Please use this section to discuss strengths/weaknesses of study, novelty/significance, general execution and scholarship.

Reviewer #1: In this study, the authors investigated the roles of SUMOylation in Candida glabrata. They constructed deletion mutants of various genes involved in this pathway and conducted phenotypic characterizations. They found that Ulp2, a deSUMOylase, is essential for maintaining protein homeostasis, and that the loss of both Ulp1 and the ubiquitin ligase Slx8 leads to heightened protein degradation, making the cells susceptible to various stressors, such as high temperature and DNA-damaging agents. Importantly, ulp2, slx6, and ulp2 slx8 mutants fail to proliferate in macrophages. Proteomic analyses revealed that these mutations significantly compromise purine biosynthesis and mitochondrial functions.

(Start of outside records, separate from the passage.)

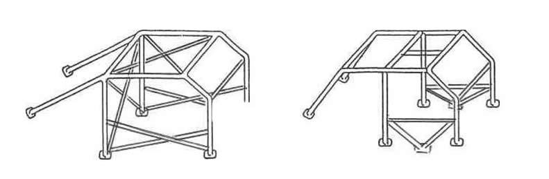 podle konstrukce je dělíme na rám s oblouky příčnými (napříč vozidla) oblouk jeden je nad předním sedadlem a druhý podél předních sloupků. Zadní oblouk musí být
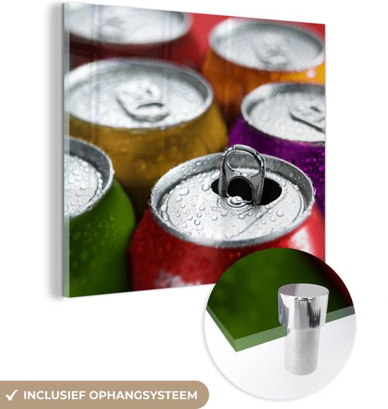 MuchoWow® Peinture sur verre - Canettes de boissons gazeuses - 90x90 cm - Peintures sur verre acrylique - Photo sur Glas
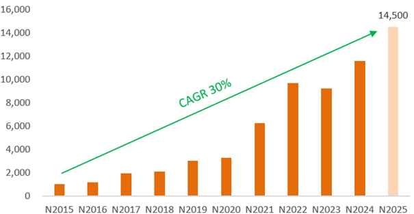 Năm 2025, SHB đặt mục tiêu lợi nhuận trước thuế tăng 25% lên mức 14,500 tỷ đồng. Nhìn lại 10 năm, SHB đạt tăng trưởng luỹ kế hàng năm (CAGR) hơn 30% và năm 2025 nếu đạt kế hoạch đề ra thì sẽ là mức lợi nhuận trước thuế cao nhất của Ngân hàng kể từ khi thành lập. Nửa đầu năm, lợi nhuận trước thuế lũy kế 6 tháng đạt 8,913 tỷ đồng, tăng 30% so với cùng kỳ năm 2024, tương đương 61% kế hoạch năm 2025.
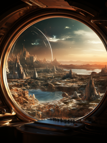 distant planet from the space ship window and seeing in the radar, --ar 3:4 --s 250
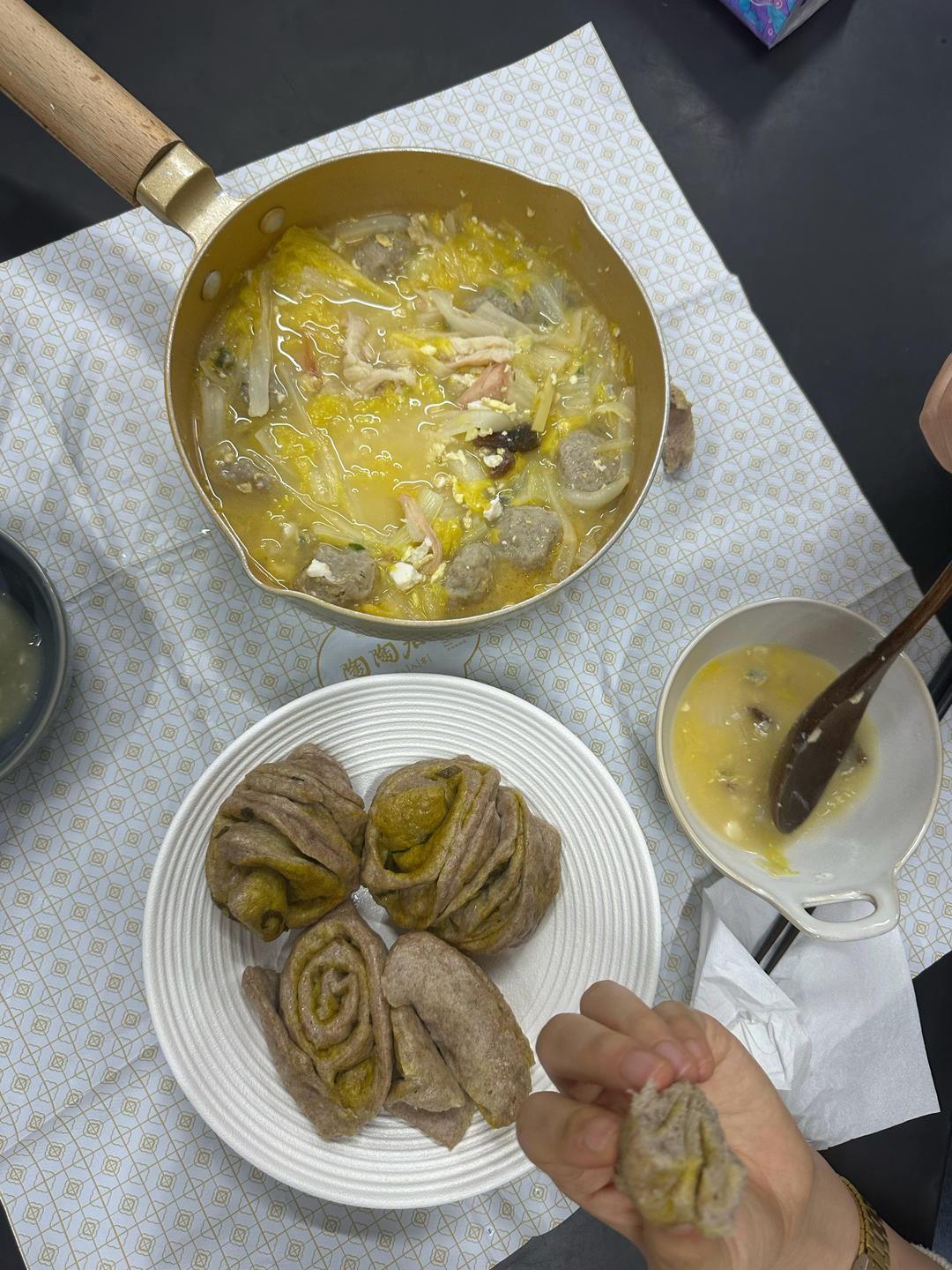 黑麦姜黄花卷+吃剩的鱿鱼丝鲮鱼娃娃菜

This is the first comprehensive study of the role of SUMOylation in C. glabrata. It identified genes and cellular processes crucial for stress tolerance and survival in macrophages, suggesting potential targets for antifungal therapies.

While the data suggest that genes such as ULP2 and SLX8 may also be important for pathogenicity, the study does not include data on virulence using animal infection models.

To enhance the readability of the paper, the authors should improve their use of proper punctuation, which is missing in many places.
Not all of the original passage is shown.